DATASET EXTRACT -
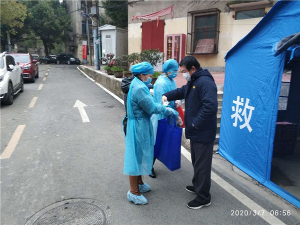 作为土生土长的武汉人,投入疫情防控战斗,我责无旁贷。疫情防控之初,我参与社会捐赠专班整理相关数据,后来又参加社会稳定专班值班值守。2月18日,我和厅机关3名党员周玮、朱亮、朱亚作为厅机关首批下沉社区工作队(党员突击队)队员进驻虎泉社区凯乐桂园小区参加一线防疫工作,让我对这场人民战争、总体战、阻击战有了更深刻的感受。记得刚开始的时候,确诊和疑似患者人数不断攀升,若说我们内心没有一丝恐惧那肯定是假话,但是在组织需要我们的时候,我们决不会当逃兵。在社区,重点要做好体温排查、门岗值守、物资采购、送菜送药、困难人员帮扶等工作。我们穿着防护服,戴上口罩、手套和护目镜,冲在一线为有确诊和疑似患者的楼栋运送物资,挨个敲门送菜到户。如此近距离的接触,后来回想起来大家都冷汗直冒。那几天,武汉气温很低,风雨交加,小区门口没有遮挡,我们冷得直哆嗦,不停地原地转圈,实在不行到车里暖和下再出来。遇到不会使用微信和网购的老人,我们上门问清老人所需,把物资或者药品买回来再送上门。通过厅机关线上电话排查和我们线下实地走访,做到了对这个10栋楼、近千人的大型小区住户情况几乎了如指掌,哪一家只有老人居住、哪一家有什么需求,一清二楚。
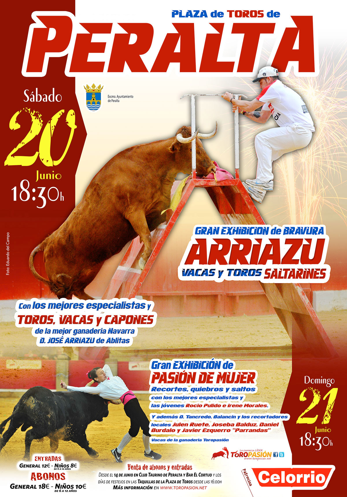 La tarde del domingo 21 de junio, 18:30 horas, estará dedicada a la tauromaquia a cuerpo limpio. Ante vacas de la ganadería Toropasión, algunos de los recortadores más en forma del año realizarán recortes, quiebros y saltos, así como otros números como el balancín o el D. Tancredo. Las chicas Irene Morales y Rocío Pulido actuarán en este evento y llevarán a cabo diferentes suertes frente a las reses. Pasión de Mujer es el grupo formado por estas dos jóvenes que han asombrado a muchos aficionados con su valor y tesón frente a los astados. Para Irene este festejo supondrá su debut en la plaza de Peralta, mientras que Rocío ya lo hizo en 2013 con una actuación memorable.
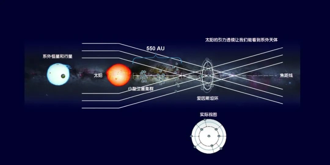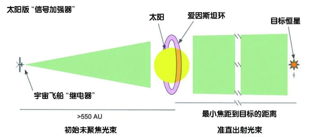 将信号接收器放置在太阳引力透镜的焦点处,目标恒星隐藏在太阳身后,当位于目标恒星附近的信号发射器发射信号时,太阳会用引力将这些信号聚焦到信号接收器上。接收到信号后,信号接收器可以将信息传递到地球,或将信号发送到另一个位于太阳周围的发射器或接收器,该发射器/接收器与另一颗遥远的目标恒星对齐,以向前转发信号。与另一个恒星系统的连接,需要另一艘驻扎在遥远目标恒星周围的信号飞船,就这样一环扣一环,一个庞大的星系通讯网络就建成了。

PROBLEM TO SOLVE -
The expected answer is the whole listing above, copied exactly, with images excluded.

OUTPUT FOR THIS EXERCISE -
 作为土生土长的武汉人,投入疫情防控战斗,我责无旁贷。疫情防控之初,我参与社会捐赠专班整理相关数据,后来又参加社会稳定专班值班值守。2月18日,我和厅机关3名党员周玮、朱亮、朱亚作为厅机关首批下沉社区工作队(党员突击队)队员进驻虎泉社区凯乐桂园小区参加一线防疫工作,让我对这场人民战争、总体战、阻击战有了更深刻的感受。记得刚开始的时候,确诊和疑似患者人数不断攀升,若说我们内心没有一丝恐惧那肯定是假话,但是在组织需要我们的时候,我们决不会当逃兵。在社区,重点要做好体温排查、门岗值守、物资采购、送菜送药、困难人员帮扶等工作。我们穿着防护服,戴上口罩、手套和护目镜,冲在一线为有确诊和疑似患者的楼栋运送物资,挨个敲门送菜到户。如此近距离的接触,后来回想起来大家都冷汗直冒。那几天,武汉气温很低,风雨交加,小区门口没有遮挡,我们冷得直哆嗦,不停地原地转圈,实在不行到车里暖和下再出来。遇到不会使用微信和网购的老人,我们上门问清老人所需,把物资或者药品买回来再送上门。通过厅机关线上电话排查和我们线下实地走访,做到了对这个10栋楼、近千人的大型小区住户情况几乎了如指掌,哪一家只有老人居住、哪一家有什么需求,一清二楚。
 La tarde del domingo 21 de junio, 18:30 horas, estará dedicada a la tauromaquia a cuerpo limpio. Ante vacas de la ganadería Toropasión, algunos de los recortadores más en forma del año realizarán recortes, quiebros y saltos, así como otros números como el balancín o el D. Tancredo. Las chicas Irene Morales y Rocío Pulido actuarán en este evento y llevarán a cabo diferentes suertes frente a las reses. Pasión de Mujer es el grupo formado por estas dos jóvenes que han asombrado a muchos aficionados con su valor y tesón frente a los astados. Para Irene este festejo supondrá su debut en la plaza de Peralta, mientras que Rocío ya lo hizo en 2013 con una actuación memorable.
 将信号接收器放置在太阳引力透镜的焦点处,目标恒星隐藏在太阳身后,当位于目标恒星附近的信号发射器发射信号时,太阳会用引力将这些信号聚焦到信号接收器上。接收到信号后,信号接收器可以将信息传递到地球,或将信号发送到另一个位于太阳周围的发射器或接收器,该发射器/接收器与另一颗遥远的目标恒星对齐,以向前转发信号。与另一个恒星系统的连接,需要另一艘驻扎在遥远目标恒星周围的信号飞船,就这样一环扣一环,一个庞大的星系通讯网络就建成了。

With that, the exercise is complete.